Recently, I've been taking classes from Kim McBrien Evans of Indigo Dragonfly on size inclusivity in knitting. Kim currently is collecting data for her ongoing research to create a size chart for women that is inclusive and representative of women's bodies today. If you want to dive deeper into sweater fit and making alterations so sweaters will fit you, Kim offers a series of classes through Vogue Virtual Knitting Live that are worth your time. Sign up for Vogue's emails so you'll be in the know on their next virtual event class lists coming in Sept, Oct, Dec, 2024. Kim, along with Natalie Warner of Natalie in Stitches, started a new Marketplace Extra session for the Vogue Virtual events where they field knitters' questions on sweater fit and sizing. The Marketplace Extra events are included in all the class packages, as well as the marketplace only ticket. The sessions are a great introduction to Kim and Natalie's work on sizing and getting fit in your sweater knitting. 

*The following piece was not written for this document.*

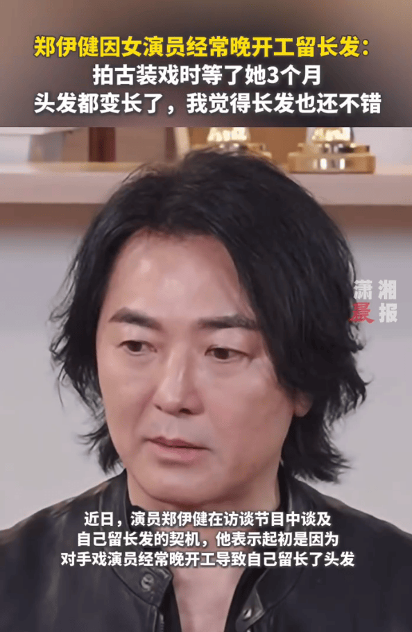 (来源:潇湘晨报)近日,演员郑伊健在访谈节目中谈及自己留长发的契机,他表示起初是因为对手戏女演员经常晚开工导致自己留长了头发,“拍古装戏时等了她3个月,头发都变长了&rdqu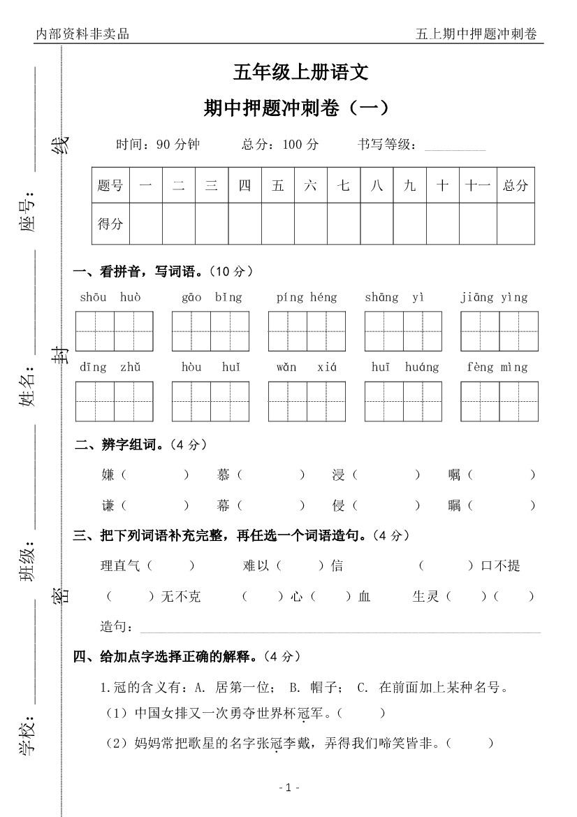 小学 五年语文上册期中押题冲刺卷5套含答案

How to participate in Kim's surveys 

Kim's body measurement data collection has been ongoing and you can participate in that here: Measurement Research by Kim McBrien Evans. Just last month, Kim added a new survey to tackle sizing and fit for sleeves, an area where there still is little detailed information for knitters. You can access that survey here: Sleeve Measurement Research by Kim McBrien Evans. Both surveys offer detailed instruction on how to take body measurements. 

I encourage all of us to participate in Kim's research as it is, in my opinion, absolutely what is needed next to help knitters unravel the mystery of sweater fit in knitting. In talking to our June Cashmere community, sweater fit is an ongoing issue and rightly so. We invest time, money, energy to make a sweater and if the result is something that we cannot wear, it's devastating. 

As always, find joy in knitting with our yarn!